The Majority-Minority relation between populations is an interesting and important factor in the development and nation-building discourse. It assumes different contours at different times in any country. At present, India is witnessing a transition. The Indian political plane is so volatile that it may overcrowd, eliminate, submerge, or transform the kind of identity assertions that we have been witnessing for the past half a century or so. This paper intends to capture this transitional process through exploring the linguistic majority-minority relations using statistical, economic, social, political and other dimensions including Constitutional, legal, geographical (nation : region), social / religious, ethnic(tribal : non-tribal), etc. Interdependency of these factors is highlighted. My aim in this paper is to find out the rational behind certain binary classifications such as national : regional, social : religious, etc., and unravel the intention of the nation-builders, and the kinds of safeguards provided to the minorities, even as I identify the use or misuse of such provisions by the 'minorities', and ultimately to assess whether this classification or categorization is healthy, and whether this classification has helped the languages and people groups in any significant way.

This paper discovers, analyzes, and describes the relation between the linguistic majority-minority populations, and demonstrates, among other things, that the linguistic relation continually evolves and, in reality, is relative to the socio-political and economic conditions. In addition, the recent processes of globalization, more clearly exemplified in the rise of gigantic multi-national Indian corporations, urbanization, focus on English education, zest for jobs abroad, and the growth of a vast middle class spanning across ethnic and linguistic boundaries are also discussed. These additional processes blunt the focus on the majority-minority relations. This paper also raises the question, as already suggested, whether we can take the categorization of majority-minority as a stable situation, or whether there are other linguistic or religious processes, which could suddenly occupy the center-stage, and change the direction of our discourse.

1. INTRODUCTION

Indian multilingualism is characterized by a very interesting scene: more languages are now involved as participants in the current increase in bilingualism and tri-lingualism; more than one script is used to write many languages, and many scripts used to write a single language; many Indian languages share a similar set of linguistic features across the language families, etc.

In this multilingual context, the relation between the majority and minority languages has not been stable.
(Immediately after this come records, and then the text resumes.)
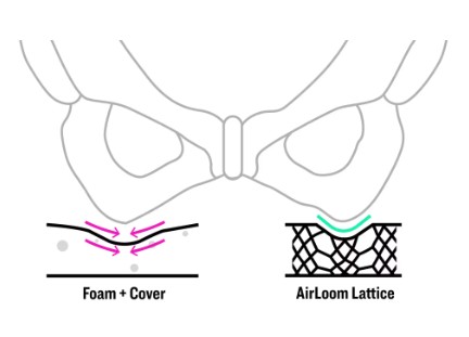 ・写真の説明=左側、従来のサドルの構造。圧力が加わると一点に集中してしまい全体に歪んでしまいます。右側、ラティスサドルにはカバーがなく、部位ごとに独立して圧縮される構造のため、身体の各部位に合わせたサポートが実現できます。
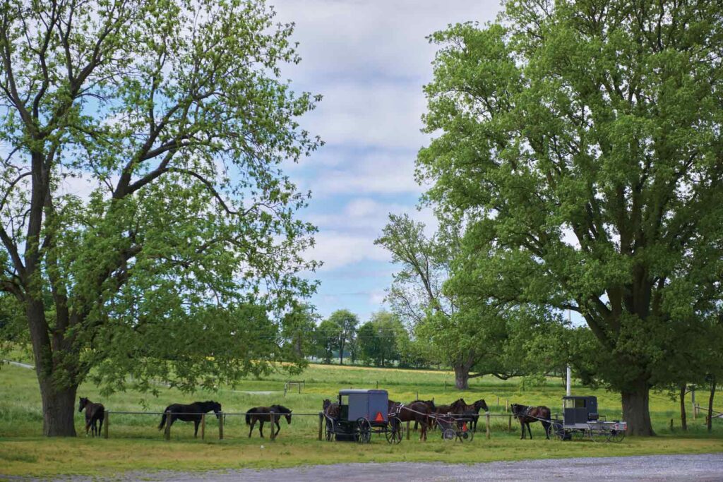 As seen in the parking lot of the Leola Produce Auction, horses from the neighboring farm strolled over to greet equine visitors.
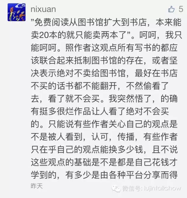 第二条有关烂书才会受影响。一是烂书也有权利就像丑八怪也有人权,我愿意送人是我愿意,出版社觉得没指望了卖不出去了想卖废纸是他们的权利,但你图书馆不能把手伸到书店。这就好比家里的沙发电视,你不想要你可以自己处理,扔了或者砸了,但别人不能不经你同意到你家去拿。你买下的书放在图书馆让人免费阅读没问题,但我的书放在书店是卖的,你不能像个大亨似的说:乡亲们,随便拿,我买单!可又不是拿回家看的都买单,你说了看完了还可以给别人看,得!本来十个人要买的,这下都不付钱了。你要豪迈回馆里豪迈去,书店不是你的地盘。还有说是培养阅读习惯,超市也很想培养你的消费习惯呢,商场也想培养你的消费习惯呢,你怎么不能在那儿拿了就走啊!
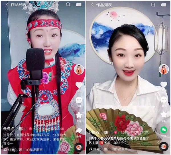 生在豫劇之鄉(xiāng)河南的傅娜娜曾經(jīng)是一名劇團演員,而她在快手上還有另一個更被大家熟知的身份——一個擁有百萬粉絲的戲曲才藝主播“終點娜”,她在自己的主頁介紹中寫著:“奉獻愛心、志愿同行,弘揚戲曲文化,傳遞社會正能量?!倍潭?1個字,道出了她入駐快手平臺的初心與使命。
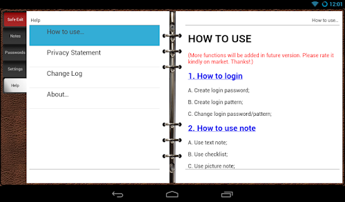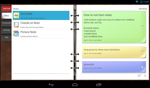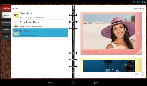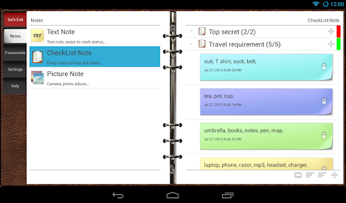 User can save privacy note with this app, do not afraid of be watched by "CLOUD", swpie to mark it as finished or not, set diff importance level, sort note with diff ways, also can share to others...
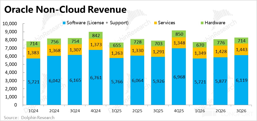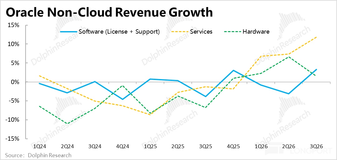 首先大背景是,甲骨文剔除 OCI 业务 -- 即 IaaS 云业务外,剩下的所有传统业务都已完全没有成长性,长期营收增速都只徘徊在零上下、好也不过个位数增长。且在当下,和其他软件公司一样,这部分传统业务也存在被 AI 颠覆的风险。
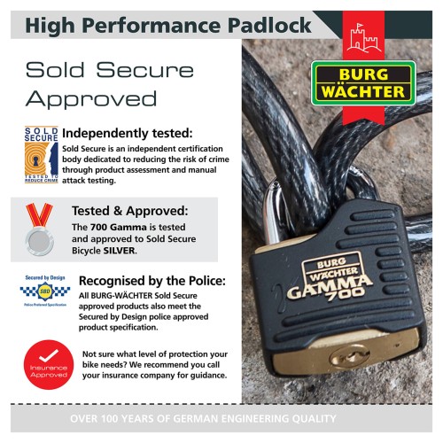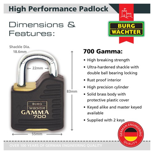 • The gamma is keyed alike, sold secure approved, premium brass padlock body with a protective plastic cover and ultra-hardened shackle

We notice that historically some minority languages have wielded greater social and political power than the majority languages, and have demanded and received strong loyalty for them from the majority. Once Sanskrit, and now for over two hundred years, English, are minority languages. But they had, and continue to have, power to attract the majority language speakers(or speakers of Major Indian Languages) due to their social prestige and the economic power. They are the second languages of the elite.

The number of mother tongue speakers of English is on the decline, according to the decennial Census - 1961:223788;1971: 191595;1981: 202440; 1991:178598. At the same time, the number of speakers declaring English as second or third language is increasing. As per the 1991 Census, the percentage of bilinguals and tri-linguals in English(8.00%, 3.5% respectively) is more than those of the same categories in Hindi(6.15%, 2.16%).

In recent past, the majority-minority language relations have depended upon various factors and diverse issues like the Constitutional provisions, population, language use statistics, legal interpretations, and, above all, political compulsions and interpretations. The majority-minority relations are influenced also by factors such as whether the speakers of a language or a group of languages or dialects have a religious or tribal back up support, and whether the context of such identities jibe well with the historical context in which the issue is raised and discussed. An Indian language having a state, ie., a defined geographic territory for its spread in terms of bilingualism, tri-lingulism and opportunities for its use in more and more functional domains, contributes for development and change of majority and minority relation. We may recall here that Sindhi and Urdu were accorded the status of a Scheduled language in the Constitution of India even when they did not or do not have a defined territory.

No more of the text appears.